Multiplex cytokine screening assays produced signals in the linear ranges of the 7-point serial dilution standard curves for 21 cytokines in one or more groups of subjects (Supplemental Table 2). IL-5 and IL-13 were below the lower limit of detection for FVIII-stimulated and unstimulated cells from all 4 groups of subjects, while IL-8 and MCP1 were above the upper limit of detection for all subjects/samples. Interestingly, baseline levels of IL-6 were much lower in the HA (current inhibitor) group compared to all other groups and did not change 48 h after FVIII stimulation (Supplemental Table 2). No significant up- or down-regulation in response to FVIII (at t = 48 h) was seen in any group for any of the cytokines using this assay, although there was a trend to increased IL-1β and IL-10 for all groups following FVIII exposure. ELISA assays carried out at baseline and 3 points post-FVIII exposure were more informative. TNFα was higher at baseline in the HA (current inhibitor) group, compared to the other 3 groups and was significantly up-regulated at t = 48 h after FVIII stimulation (Figure 5A). Baseline (unstimulated) levels of IL-1β and IL-10 also differed between groups (Figures 5B,C), reflecting heterogeneity in immune status among the subjects that was not related to FVIII stimulation. We therefore considered responses following FVIII stimulation to be more informative than baseline levels of both DEGs and secreted cytokines. IL-1β concentrations were significantly increased above baseline values at t = 16, 24, and 48 h post-FVIII stimulation for the HA (current inhibitor) group alone. In contrast, IL-10 levels increased significantly at one or more time points post-FVIII stimulation for all groups except the HA (past inhibitor) subjects (Figure 5C).

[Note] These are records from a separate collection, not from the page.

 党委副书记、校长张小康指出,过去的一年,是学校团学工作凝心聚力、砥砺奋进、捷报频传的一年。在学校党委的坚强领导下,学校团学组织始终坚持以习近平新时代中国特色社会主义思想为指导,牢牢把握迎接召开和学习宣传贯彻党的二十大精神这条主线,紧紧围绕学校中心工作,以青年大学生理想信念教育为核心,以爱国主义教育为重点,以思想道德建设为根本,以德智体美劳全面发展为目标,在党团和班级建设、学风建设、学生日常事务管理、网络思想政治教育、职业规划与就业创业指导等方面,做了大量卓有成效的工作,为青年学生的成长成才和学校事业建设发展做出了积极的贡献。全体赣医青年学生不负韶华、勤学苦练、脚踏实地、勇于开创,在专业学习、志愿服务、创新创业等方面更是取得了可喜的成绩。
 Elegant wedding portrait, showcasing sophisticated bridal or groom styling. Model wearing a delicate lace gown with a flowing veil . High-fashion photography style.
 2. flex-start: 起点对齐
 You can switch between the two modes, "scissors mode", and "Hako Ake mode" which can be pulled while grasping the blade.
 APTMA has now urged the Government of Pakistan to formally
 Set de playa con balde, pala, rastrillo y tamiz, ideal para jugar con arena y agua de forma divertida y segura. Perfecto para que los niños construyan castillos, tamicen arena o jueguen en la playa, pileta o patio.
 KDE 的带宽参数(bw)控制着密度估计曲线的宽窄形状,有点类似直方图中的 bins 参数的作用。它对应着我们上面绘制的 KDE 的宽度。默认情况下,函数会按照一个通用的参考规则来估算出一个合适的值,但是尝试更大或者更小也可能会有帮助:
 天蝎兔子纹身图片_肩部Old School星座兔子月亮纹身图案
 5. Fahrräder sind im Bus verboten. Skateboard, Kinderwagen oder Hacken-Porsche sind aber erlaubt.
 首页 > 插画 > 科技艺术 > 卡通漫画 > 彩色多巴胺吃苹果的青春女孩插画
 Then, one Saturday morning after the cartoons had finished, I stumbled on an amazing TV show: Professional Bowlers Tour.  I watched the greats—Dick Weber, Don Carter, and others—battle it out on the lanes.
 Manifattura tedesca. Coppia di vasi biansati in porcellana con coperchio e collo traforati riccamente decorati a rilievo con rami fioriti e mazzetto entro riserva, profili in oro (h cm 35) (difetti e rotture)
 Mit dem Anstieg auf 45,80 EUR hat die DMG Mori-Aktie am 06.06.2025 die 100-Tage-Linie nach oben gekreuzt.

Figure 5. Kinetics of cytokine production as measured in supernatants of FVIII-stimulated PBMCs. All supernatants were from the same PBMC samples from which mRNA was purified for RNA-Seq experiments. (A) TNFα; (B) IL-1β; (C) IL-10. TNFα levels were measured for unstimulated cells and at t = 48 h after FVIII stimulation using a multiplex cytokine assay kit. IL-1β and IL-10 were measured at the indicated time points by ELISA assays. Number of culture supernatants measured for TNFα: INH(past) N = 4; INH(+) N = 6; INH(no inhibitor history) N = 4 and non-HA (N = 3). Number of culture supernatants measured by IL-1β and IL-10 ELISA: INH(past) N = 8; INH(+) N = 9; INH(no inhibitor history) N = 6 and non-HA (N = 6). Means ± SD are indicated. *p < 0.05.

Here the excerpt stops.